The guitarist and singer Amadou Bagayoko of the Malian music duo Amadou & Mariam has died aged 70 after an illness, his family said, paying tribute to the Grammy-nominated blind musician.
Amadou and his wife, Mariam Doumbia, formed a group whose blend of traditional Malian music with rock guitars and western blues sold millions of albums across the world.
Among other achievements the couple, who met at the institute for the young blind in the Malian capital, Bamako, composed the official song for the 2006 football World Cup in Germany and played at the closing ceremony concert for the 2024 Olympic Games in Paris.
“He had been ill for a while,” Amadou’s son-in-law Youssouf Fadiga told Agence-France Presse.
Their France-based manager, Yannick Tardy, who had spoken to Mariam by phone, said Amadou had been taken to a clinic after feeling fatigue, and had died later that day.
Confirming the musician’s death to AFP, the Malian culture minister, Mamou Daffé, said he felt “dismay” at the loss.
After meeting in 1976, when Amadou was 21 and Mariam 18, the pair discovered they had similar tastes in music.
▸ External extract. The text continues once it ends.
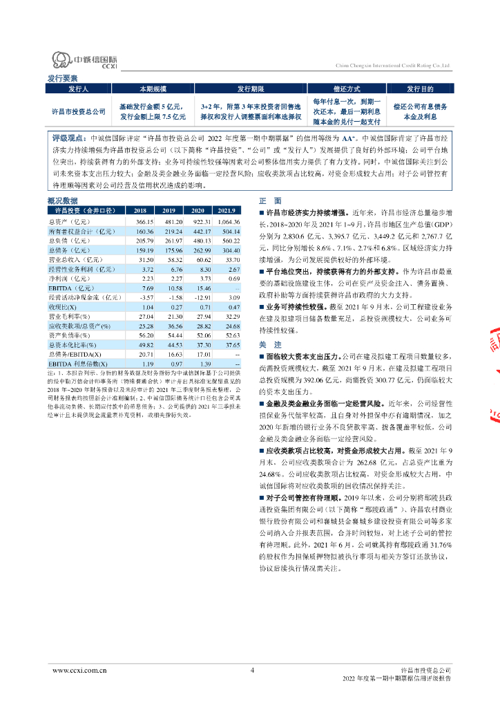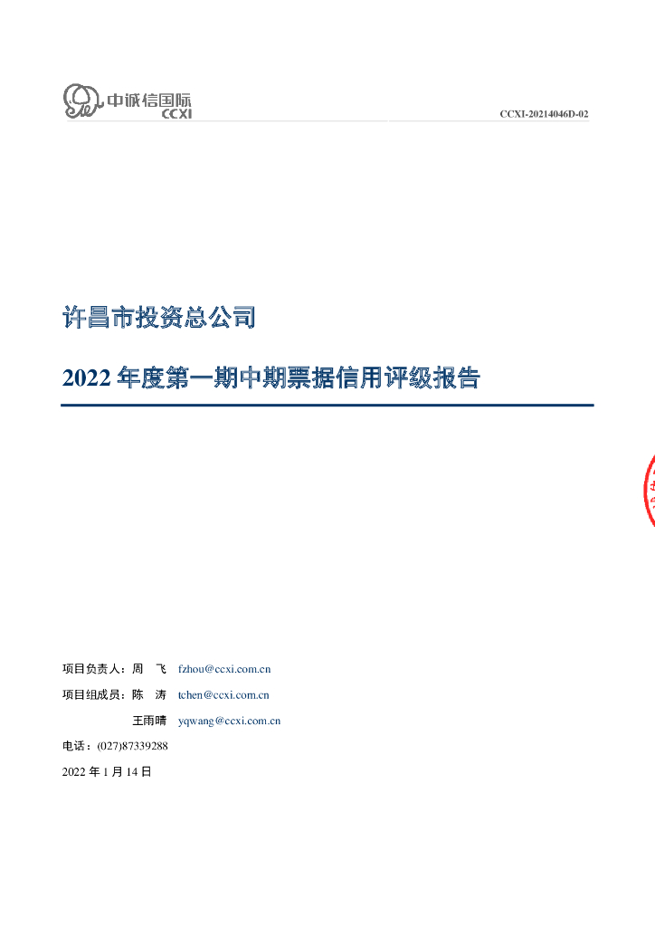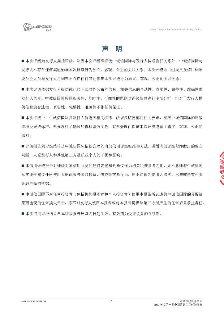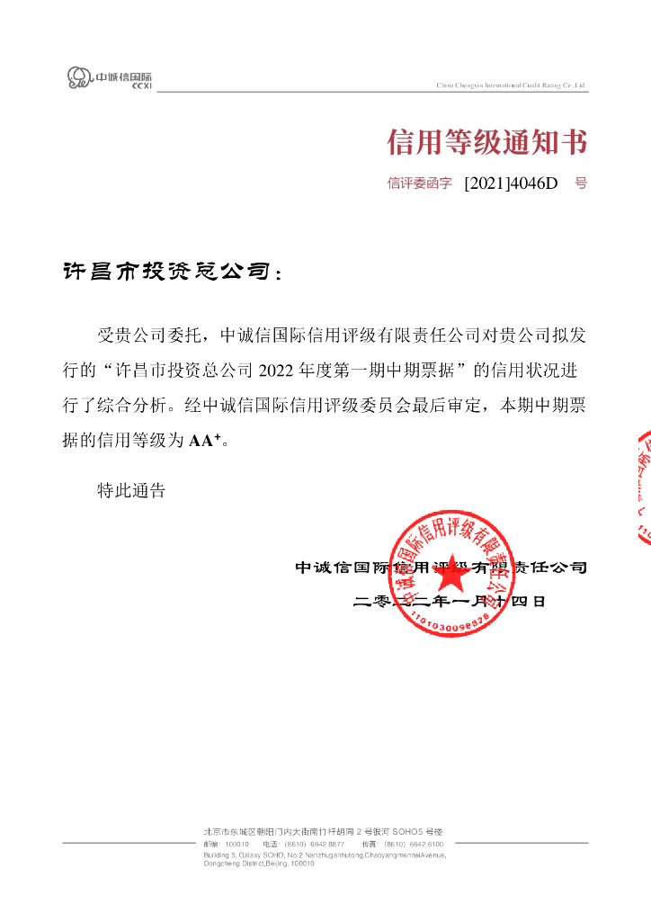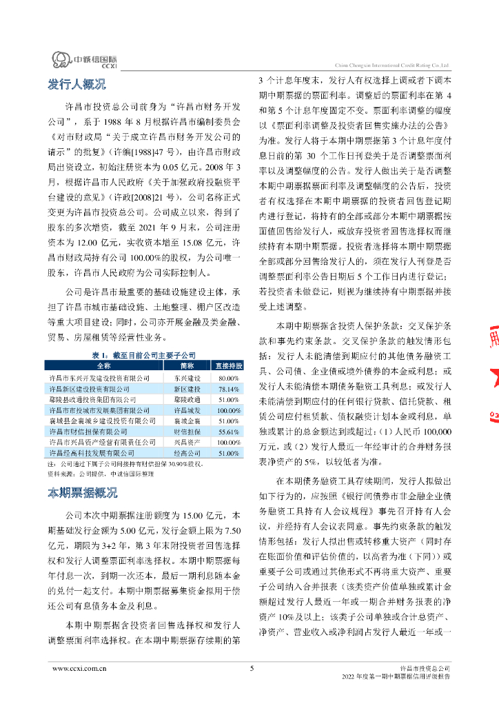 中诚信:许昌市投资总公司2022年度第一期中期票据信用评级报告及跟踪评级安排.pdf

They began touring together from the 1980s, mixing traditional west African instruments such as the kora and balafon with the Pink Floyd and James Brown records from their youth.
They sang songs to raise awareness of the problems facing their peers living with blindness and disabilities.
A few decades later their 2004 album, Dimanche à Bamako (Sunday in Bamako), brought them worldwide success backed up by the title track.
Amadou and Mariam became one of Africa’s best-selling pairs, playing alongside the likes of Damon Albarn of Blur and Gorillaz and the Pink Floyd guitarist David Gilmour – a childhood idol.
They played at festivals including Glastonbury, shared bills with Coldplay, U2 and Stevie Wonder and played for Barack Obama at the concert marking the US president’s Nobel Peace prize award.
“There were many musicians, many artists there. And Barack Obama came to meet us,” Amadou told AFP in a 2024 interview.
“We talked a bit. Barack Obama told us that he liked our music. Malian music, too. We were very, very happy,” Mariam added.
Besides a Grammy nomination in 2010, Amadou & Mariam won prizes at the BBC radio awards and France’s Victoires de la Musique.
Amadou Bagayoko is survived by three children.